*Work item*: Go to the line below that has "Porcelain tiled floor, patio", print it and each line after it exactly, and stop after the line that has "saat 17.00’de, sevdamız"; leave out pictures.

*Source data*:
■ ■ ■ ■ ■ ■ ■

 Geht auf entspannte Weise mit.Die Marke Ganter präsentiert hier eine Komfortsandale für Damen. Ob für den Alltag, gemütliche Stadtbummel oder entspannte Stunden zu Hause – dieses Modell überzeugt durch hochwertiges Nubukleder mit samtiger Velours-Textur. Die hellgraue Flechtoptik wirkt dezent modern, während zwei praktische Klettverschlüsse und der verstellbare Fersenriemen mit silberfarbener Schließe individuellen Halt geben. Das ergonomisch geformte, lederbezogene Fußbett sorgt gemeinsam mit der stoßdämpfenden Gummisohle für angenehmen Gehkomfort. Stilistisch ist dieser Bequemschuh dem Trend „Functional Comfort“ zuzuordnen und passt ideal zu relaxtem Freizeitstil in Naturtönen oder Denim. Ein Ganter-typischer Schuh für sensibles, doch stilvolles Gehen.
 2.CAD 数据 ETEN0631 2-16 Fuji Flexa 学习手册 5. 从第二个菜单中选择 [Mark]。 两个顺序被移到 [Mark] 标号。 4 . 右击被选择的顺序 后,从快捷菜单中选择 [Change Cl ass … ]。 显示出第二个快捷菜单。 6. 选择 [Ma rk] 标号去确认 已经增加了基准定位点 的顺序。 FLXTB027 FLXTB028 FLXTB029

■ ■ ■ ■ ■ ■ ■

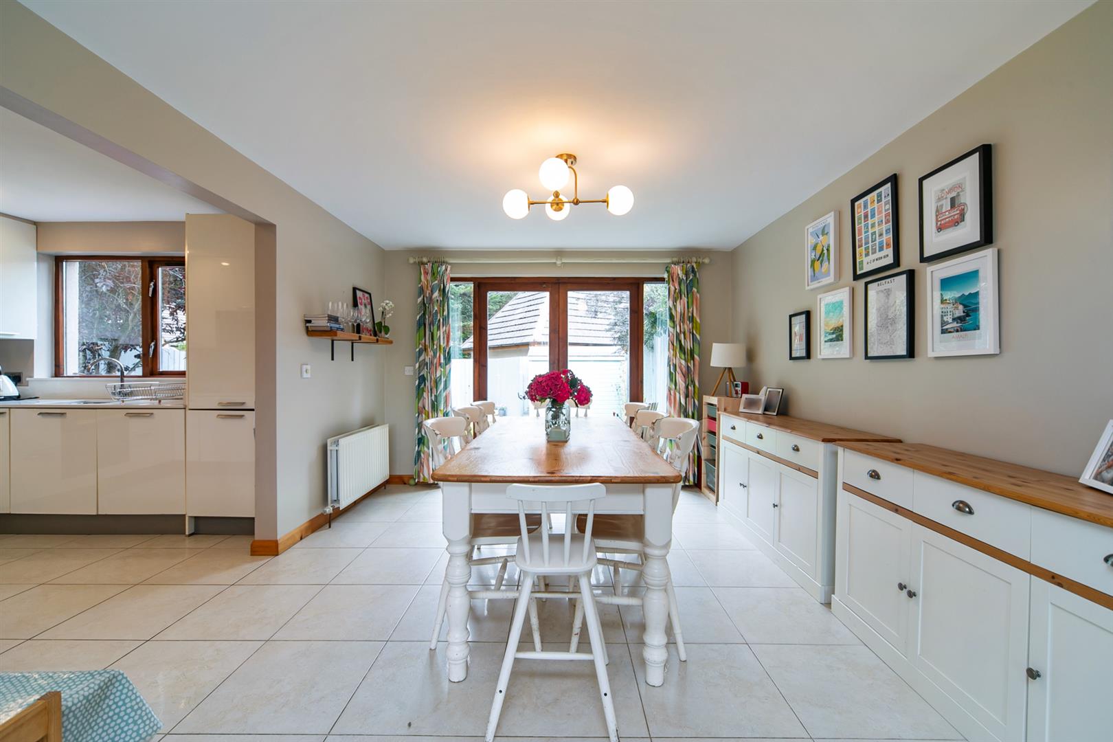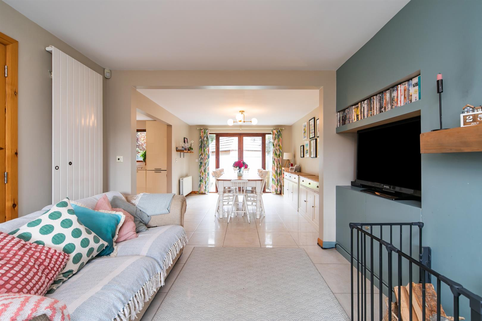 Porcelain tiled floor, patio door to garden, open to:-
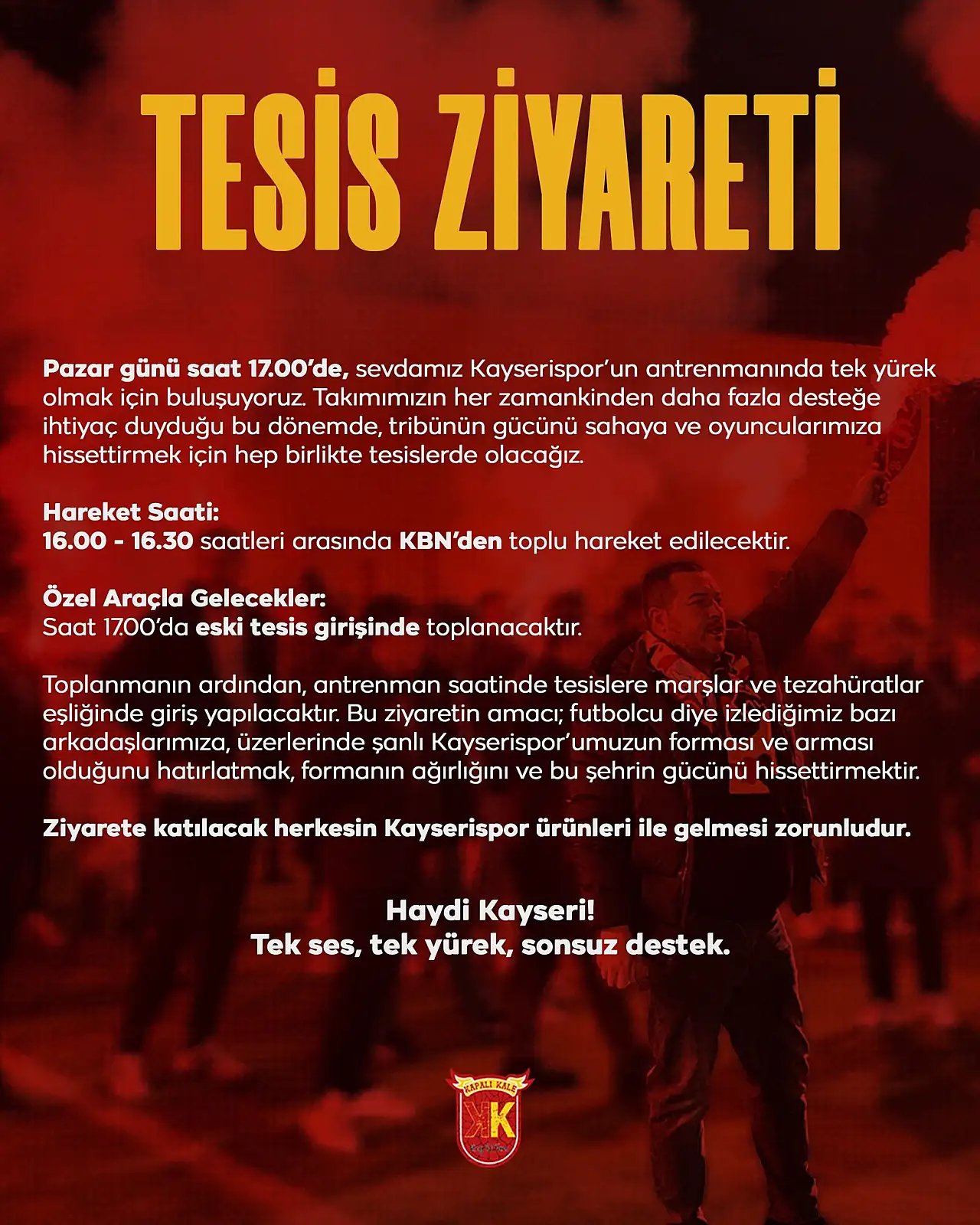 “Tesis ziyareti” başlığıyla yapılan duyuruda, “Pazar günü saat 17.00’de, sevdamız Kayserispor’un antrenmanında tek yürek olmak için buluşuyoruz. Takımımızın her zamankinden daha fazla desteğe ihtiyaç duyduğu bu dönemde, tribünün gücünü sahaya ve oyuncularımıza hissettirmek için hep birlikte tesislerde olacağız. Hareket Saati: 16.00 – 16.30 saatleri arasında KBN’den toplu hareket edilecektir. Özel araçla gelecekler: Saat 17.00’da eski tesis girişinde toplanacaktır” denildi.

■ ■ ■ ■ ■ ■ ■

*Exercise result*:
 Porcelain tiled floor, patio door to garden, open to:-
 “Tesis ziyareti” başlığıyla yapılan duyuruda, “Pazar günü saat 17.00’de, sevdamız Kayserispor’un antrenmanında tek yürek olmak için buluşuyoruz. Takımımızın her zamankinden daha fazla desteğe ihtiyaç duyduğu bu dönemde, tribünün gücünü sahaya ve oyuncularımıza hissettirmek için hep birlikte tesislerde olacağız. Hareket Saati: 16.00 – 16.30 saatleri arasında KBN’den toplu hareket edilecektir. Özel araçla gelecekler: Saat 17.00’da eski tesis girişinde toplanacaktır” denildi.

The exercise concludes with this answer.